Gibbs knocks down Palin's charge that Obama's response to oil spill is connected to donations

This morning on Fox News Sunday, Sarah Palin suggested there may be a “connection” between President Obama “taking so doggone long” to respond to the oil spill and “contributions” to his administration from oil companies:

PALIN: Well, I think that there is, perhaps, a hesitancy, to -- I don't really know how to put this, Chris, except to say that the oil companies who have so supported President Obama in his campaign and are supportive of him now, I don't know why the question isn't asked by the mainstream media and by others if there's any connection with the contributions made to President Obama and his administration and the support by the oil companies to the administration -- if there's any connection there to President Obama taking so doggone long to get in there, to dive in there and grasp the complexity and the potential tragedy that we are seeing here in the Gulf of Mexico.

Now if this was President Bush or if this were a Republican in office who hadn't received as much support even as President Obama has from BP and other oil companies, you know the mainstream media would be all over his case in terms of asking questions, why the administration didn't get in there -- didn't get in there and make sure that the regulatory agencies were doing what they were doing with the oversight to make sure that things like this don't happen.

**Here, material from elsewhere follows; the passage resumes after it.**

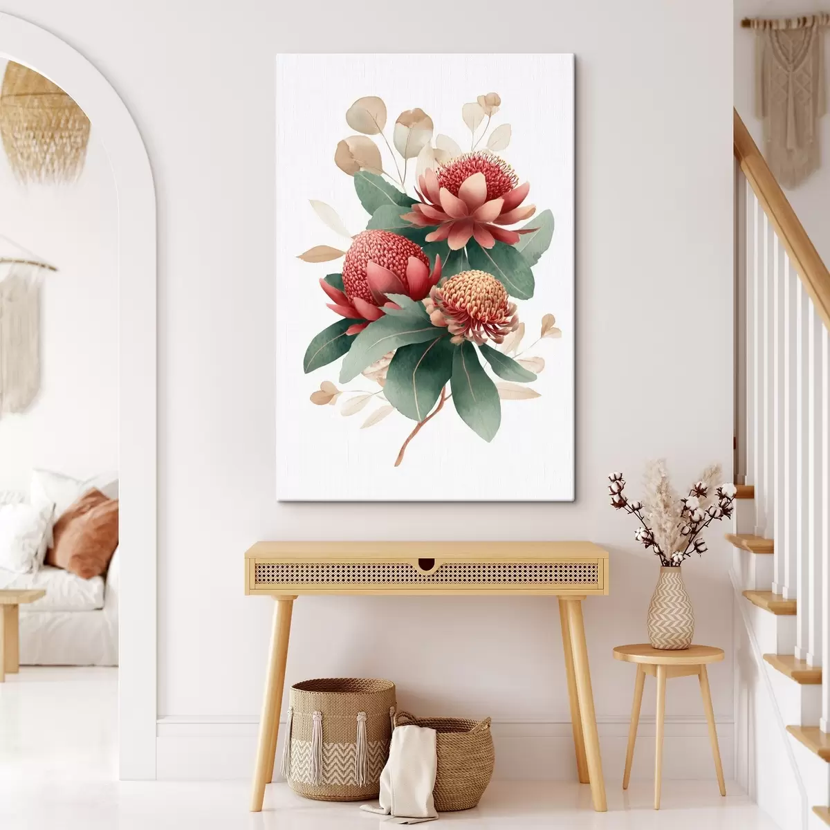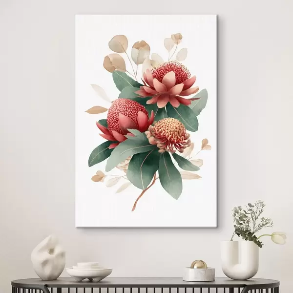Cuadros Composición floral con grandes proteas y eucalipto en un estilo moderno de ilustración digital. Nr s46955
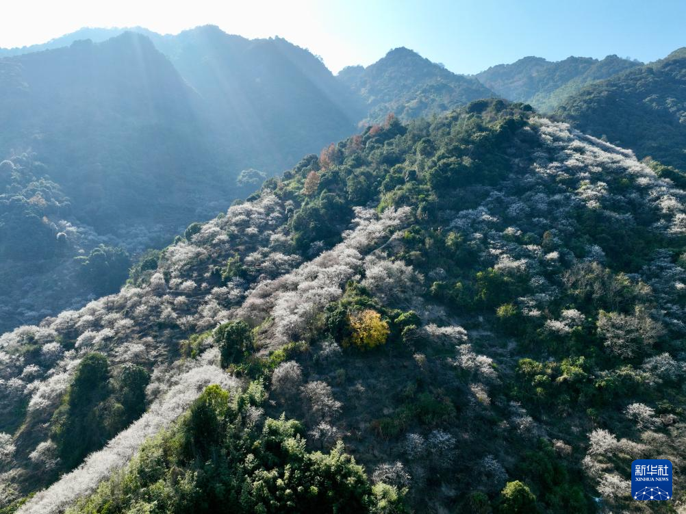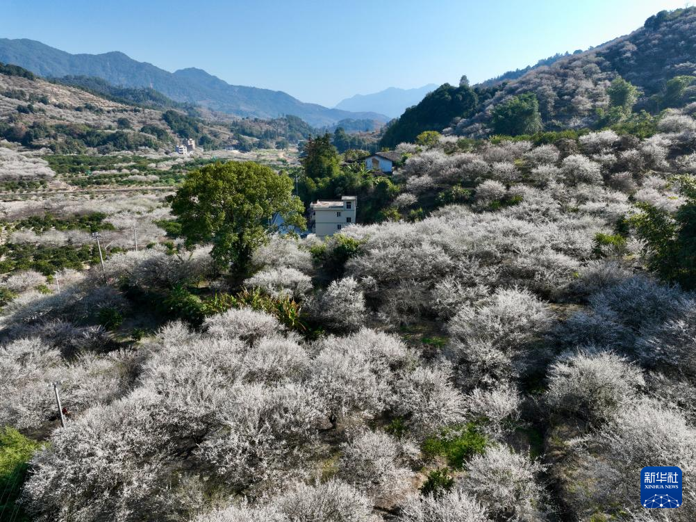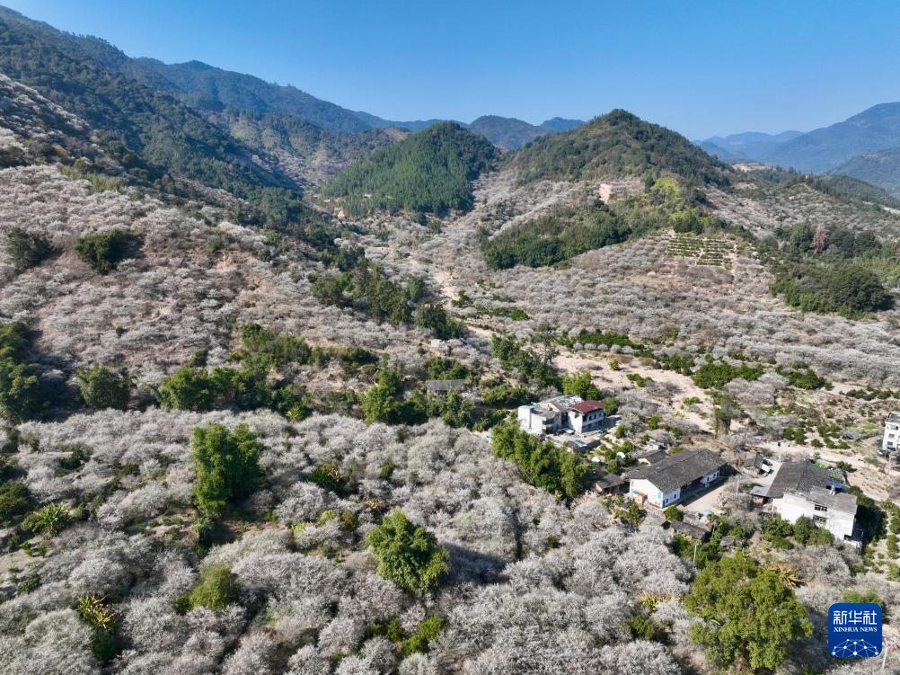 1月4日,福州市永泰县葛岭镇蒲边村山岭间青梅花盛开(无人机照片)。 新年伊始,福建省福州市永泰县山岭间山花烂漫,数万亩青梅正当花期,吸引不少游客前来赏“梅景”、品“梅韵”、寻“梅趣”。永泰县是福建省青梅主产区,因地制宜种植的5万亩青梅逐渐成为乡村振兴的特色产业。 新华社记者 姜克红 摄

Shortly after, on CBS' Face the Nation, White House press secretary Robert Gibbs stressed that the administration had responded “immediately” to the spill and rejected Palin's charge:

GIBBS: I'm almost sure that the oil companies don't consider the Obama administration a huge ally. We proposed a windfall profits tax when they jacked their oil prices up to charge more for gasoline. My suggestion to Sarah Palin would be to get slightly more informed as to what's going on in and around oil drilling in this country.